Poisson grégaire de la famille des carangidés, le chinchard est une espèce pélagique que l’on peut également trouver à proximité du fond. Il se distingue par une nageoire caudale très échancrée et la présence de scutelles osseuses (dans la partie postérieure de la ligne latérale) qui accentuent son éclat argenté. Le chinchard commun (Trachurus trachurus) fréquente les eaux côtières au cours de ses deux premières années, puis il s’éloigne sur le plateau continental. Il ne revient sur la côte qu’à l’âge adulte, au cours de sa migration d’été. Le mâle acquiert sa première maturité sexuelle à 3 ans, quand il mesure environ 20-22 cm, alors que la femelle l’acquiert à 4 ans, quand elle mesure 26-30 cm. Le chinchard peut vivre jusqu’à 15 ans. Comme tous les autres petits pélagiques, les populations de chinchard sont sensibles aux modifications environnementales.

 

En Europe, les chinchards juvéniles sont prioritairement ciblés pour approvisionner les marchés du sud de l’Europe ; les poissons plus âgés sont exportés vers le Japon et les poissons de grosse taille sont dirigés vers les marchés africains où cette espèce est très appréciée.

 

 

Etats des stocks

Trois stocks distincts de chinchard commun font l’objet de suivi scientifique :

 

• Le stock de la mer du Nord, Manche Est, Skagerrak-Kattegat, couvrant les divisions CIEM IIIa, IVb, c, Vlld, montre des signes d’amélioration de sa biomasse qui reste cependant à un niveau bas, sans pouvoir définir le niveau de durabilité correspondant.
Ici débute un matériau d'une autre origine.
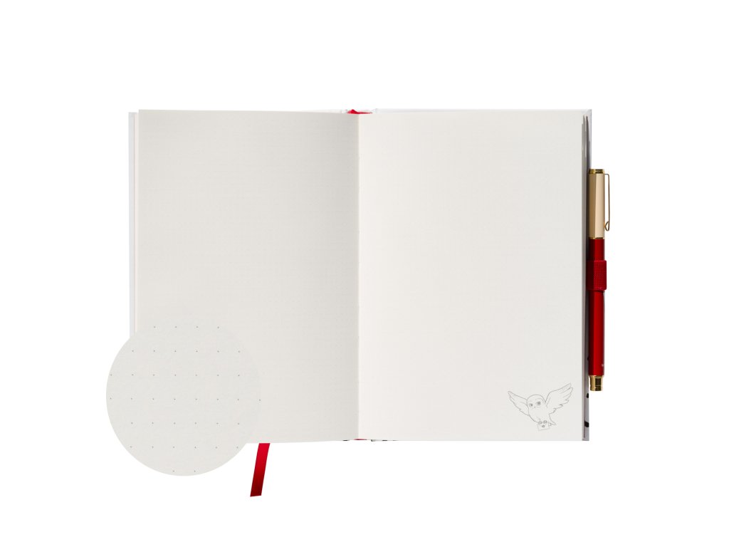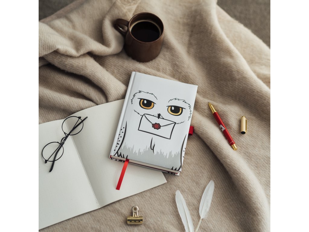 Zápisník s perem, které je součástí balení. Jedinečný deník inspirovaný sovou Hedvikou z Harryho Pottera, který vám nejen pomůže uspořádat vaše každodenní úkoly, ale také dodá vašim poznámkám kouzlo. Stránky jsou tečkované.
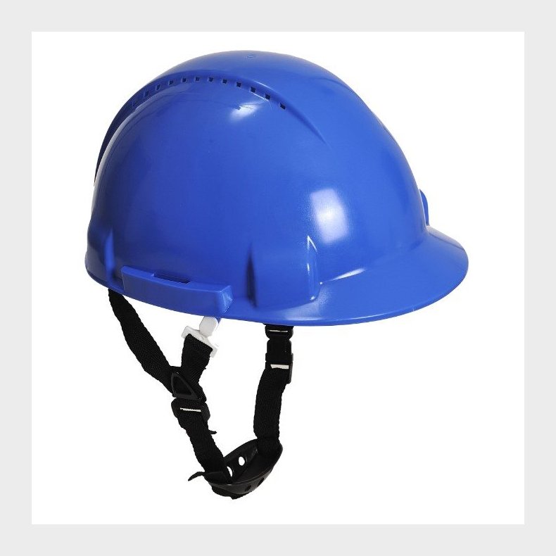 Ventileret hjelm til arbejde i højden. ABS skal og 6 punkts hjelmindsats. Hurtig justering af størrelse. Leveres med sved bånd og 4 punkt hagerem. One-size - justerbar 52-62 cm.
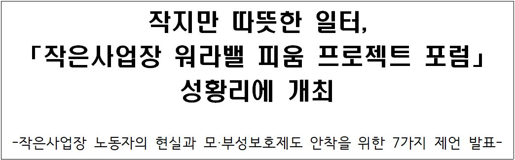 [여성신문] “육아휴직·연차도 눈치 보여”… 작은사업장도 ‘워라밸’ 누릴 권리를

Les recommandations des scientifiques, qui préconisaient de réduire le niveau de captures, ont été suivies par les gestionnaires depuis 2015. Actuellement, le stock n’est pas surexploité.

• Le stock Sud au large du Portugal, couvrant la division IXa, est exploité durablement depuis 1990. Les scientifiques estiment qu’une augmentation des captures est possible sur ce stock à hauteur de 55 555 tonnes pour 2018 (sachant que 40 730 tonnes ont été capturées en 2016).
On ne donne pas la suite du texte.